Reviews

Backstairs Billy review – Luke Evans and Penelope Wilton in a West End Clarence House caper

Michael Grandage directs the world premiere comedy that continues through to 27 January

Sarah Crompton

Sarah Crompton

| London |

7 November 2023

Luke Evans and Penelope Wilton in a scene from Backstairs Billy
Luke Evans and Penelope Wilton in Backstairs Billy, © Johann Persson

Marcelo Dos Santos’s Backstairs Billy is a strange thing. Not six characters in search of an author, but a set of good lines in search of a play.

It has all the trappings of a West End hit. A sumptuous set by Christopher Oram that places the late Queen Mother in the garden room of Clarence House, all flower paintings, floral displays and damask curtains. It has a Rolls Royce cast in the shape of Penelope Wilton as Queen Elizabeth and Luke Evans as her loyal Page of the Backstairs, friend and enabler to his royal mistress for 48 years. Not to mention a massively accomplished director in the shape of Michael Grandage.

It’s full of zinging one-liners and laugh-out-loud moments. Yet for the life of me, I couldn’t work out why I was watching it or what it was really about.
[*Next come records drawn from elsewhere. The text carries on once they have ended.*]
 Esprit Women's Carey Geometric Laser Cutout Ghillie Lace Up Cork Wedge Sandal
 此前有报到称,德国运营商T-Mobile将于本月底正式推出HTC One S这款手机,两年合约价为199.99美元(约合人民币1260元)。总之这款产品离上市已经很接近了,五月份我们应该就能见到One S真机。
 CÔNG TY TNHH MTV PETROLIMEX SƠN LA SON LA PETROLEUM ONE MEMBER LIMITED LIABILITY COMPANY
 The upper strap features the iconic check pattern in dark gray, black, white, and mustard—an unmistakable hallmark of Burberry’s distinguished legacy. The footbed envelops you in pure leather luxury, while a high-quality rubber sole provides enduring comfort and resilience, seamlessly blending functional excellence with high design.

The setup is simple and has some basis in fact. William “Billy” Tallon entered royal service at the age of 15 and rose through the ranks of footmen to become Page of the Backstairs, loyal servant of a widowed Queen, isolated in Clarence House after the death of her husband King George VI. Here we first see him in arrogant but charming charge, keeping his royal charge entertained by organising a party fuelled by industrial strength cocktails – even when the guests are teetotal.

The tone is light, and Evans makes the most of Billy’s flouncing enjoyment of the power he sustains. “All that matters to us is knowing what she wants,” he schools timid new recruit Gwydion (Iwan Davies), mixing his instructions on behaviour with seductive innuendo. But the stage only really lights up when Wilton enters, in loose pastels (clever costumes from Tom Rand), moving with a regal glide and preceded by two corgis.
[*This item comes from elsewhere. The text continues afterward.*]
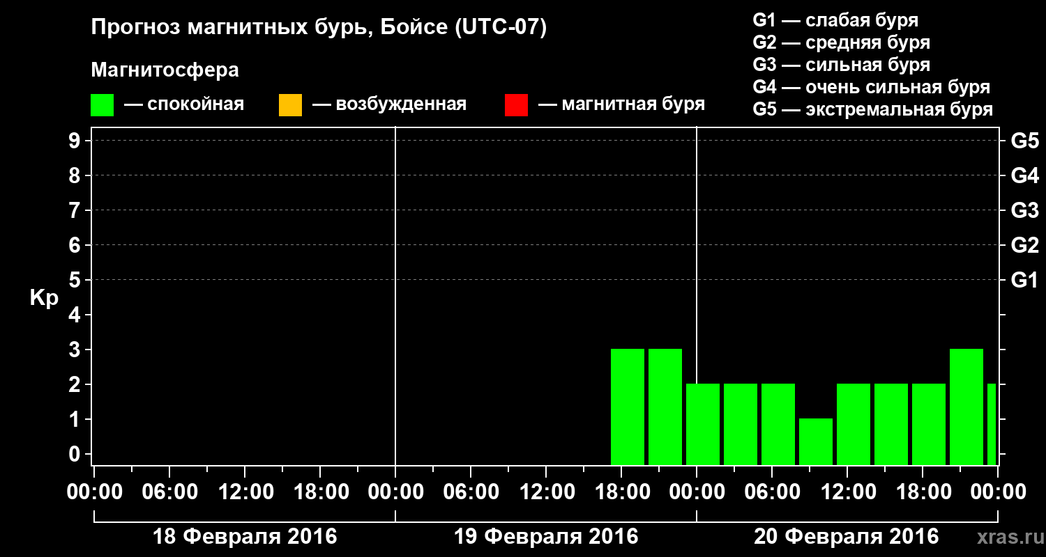 Прогноз магнитных бурь в Бойсе на 18 февраля 2016 года
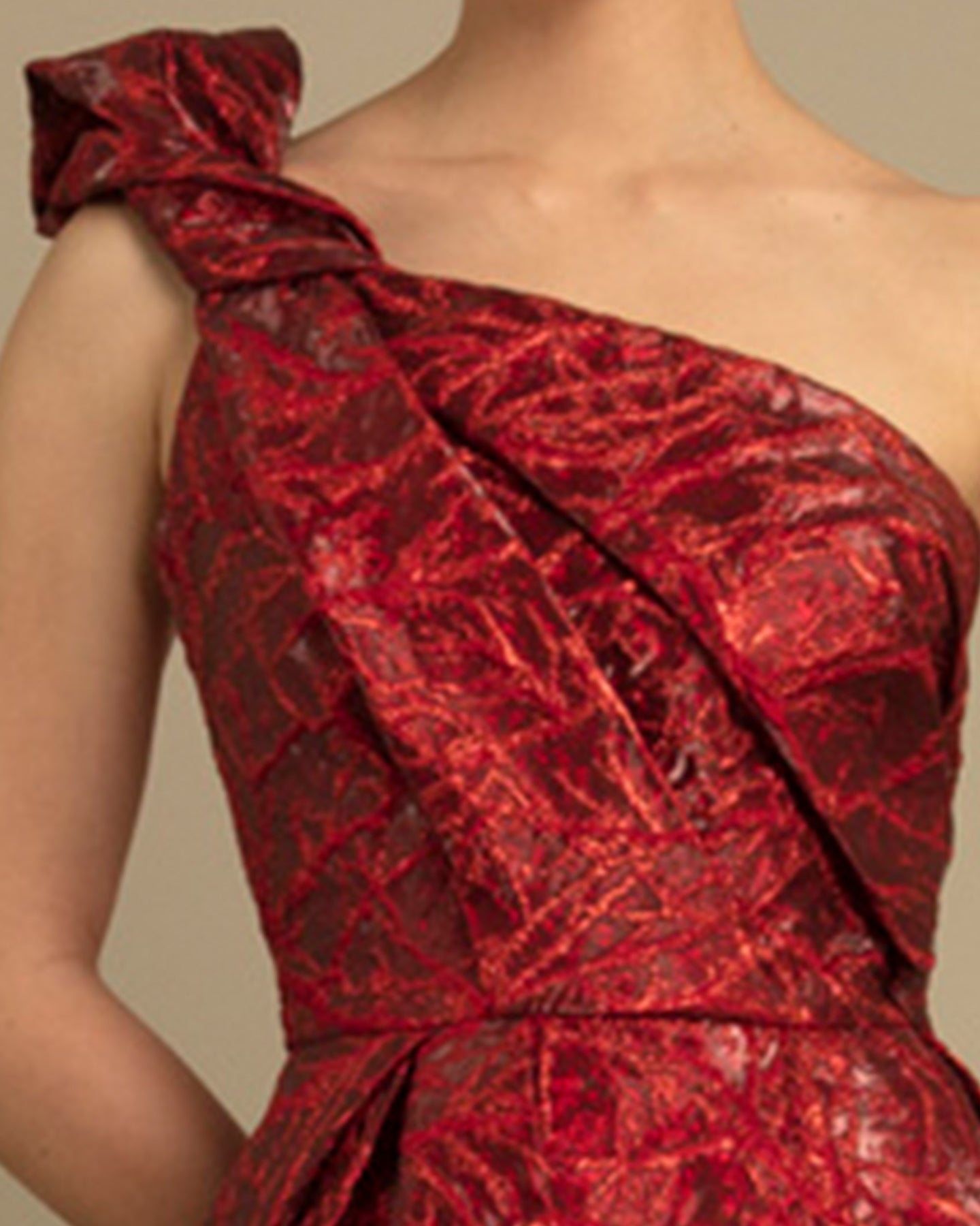فستان بكتف واحد مع ثنيات

As her relationship with Billy unfolds, it serves as a reminder of what a great comedic actress Wilton is. Her timing of lines such as the QM’s response to the idea of welcoming the French cultural attaché to one of her soirées, “as long as we don’t have to talk about culture or France” is a consistent joy. Every joke lands with the precision of a targeted missile, always suggesting the sharpness behind the smile.

Even more beautifully, she hints at the sorrow of a woman widowed in her 50s and banished from the kind of power and influence she once enjoyed. The look on her face as Billy talks about her “Funny little house, funny sort of court” is so nuanced and suggestive of all that she has lost and all she longs for.

But the play too often leaves her conjuring with air. What might have seemed a sensitive and amusing study of the bonds that can grow between servant and mistress if both are unrooted enough or an investigation of why people love the royals even when they are fallible, ricochets off in the second act into a messy mixture of farce, politics and class critique.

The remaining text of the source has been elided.